Toutes les nuits (Val)
Je dors avec elle toutes les nuits. Même son mari n’a pas ce privilège. Chaque soir, c’est le même rituel : elle s’étend sur moi, se blottit tout près, tout près, m’entoure de ses deux bras nus, et sa joue vient se coller à mon corps.
Je suis le compagnon de toutes ses nuits. Ou presque. Elle m’a choisi imposant exprès, mes dimensions la rassurent. Elle dort nue, et j’épouse à chaque fois sa poitrine à la perfection, sans la sangler… je suis si doux…
Je suis le garant de l’équilibre de ses nuits. Quand elle est triste, elle me sert fort jusqu’à me déformer, et j’absorbe ses larmes en silence. Je respecte son chagrin, j’en bois les perles salées sans rien dire. C’est un pacte de retenue et de pudeur, que l’on a signé.
Je suis le spectateur impuissant de ses rages et de ses insomnies. En ami bienveillant et compréhensif. Je la laisse me malmener autant qu’elle en éprouve le besoin, me pincer un peu, me mordre parfois, me secouer souvent, me jeter avec fureur. J’aime autant qu’elle passe ses nerfs sur moi, je ne crains rien, je suis habitué. Tout lui est pardonné.

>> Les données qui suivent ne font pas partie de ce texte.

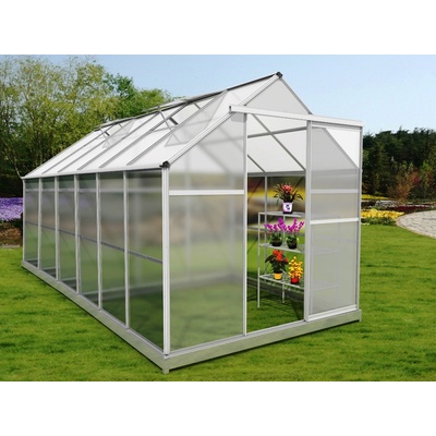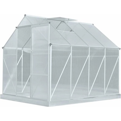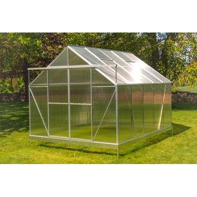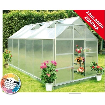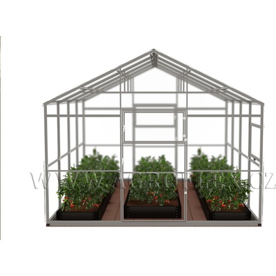 Prémiový hliníkový skleník včetně ocelové základny; plocha 7,8 m2; d-š-v 310/254/211 cm; posuvné dveře; 2x větrací okénko; pevná hliníková konstrukce; jednoduchá montáž
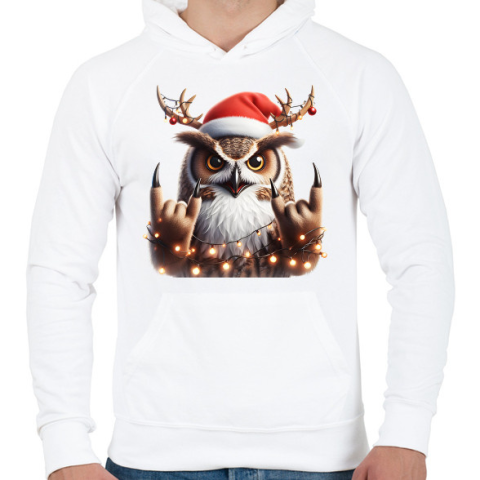 1 kép PRINTFASHION Vicces karácsonyi rocker party bagoly - Férfi kapucnis pulóver - Fehér

Je suis un voyeur discret et muet, le plus fidèle auditeur de ses soupirs de plaisir. Je suis un jaloux, je l’aime farouchement, et j’en tire une satisfaction orgueilleuse, je l’avoue, lorsque c’est moi plutôt que Lui qu’elle agrippe, dans l’abandon de ces moments-là…
Je suis un peu elle. Mes sens ne sont éveillés que pour elle. Je suis imbibé de tous ses parfums. Je connais l’odeur légère de son shampoing, celle, plus forte, de son eau de toilette, le parfum un peu passé de son déodorant, celui, plus discret, de sa crème de nuit. Je connais le goût de ses larmes, celui de sa sueur, le souffle de son haleine.
Je mesure la qualité de son sommeil au rythme de sa respiration, et les battements de son cœur, qui résonnent en mon intérieur, me disent si elle est bien ou non.
Je suis son docteur. Elle me fait toute confiance. Elle jure que je suis son meilleur remède contre la migraine, elle ne m’échangera pas.
Oh, parfois elle m’est infidèle. Elle découche à l’occasion. Si le séjour est court elle ne m’emmène pas. Qu’importe, je ne suis pas inquiet, elle revient toujours. Et puis, avec les autres, ce n’est pas pareil, ils ne partagent pas la même intimité, ils ne la connaissent qu’en surface. J’ai vu comment elle faisait… ailleurs, elle dort vêtue. Il n’y a que sur moi qu’elle s’endort nue. Je suis son préféré, je l’ai toujours su.
Non, je ne suis pas un vulgaire objet. J’ai un cœur… même s’il est en plumes d’oie.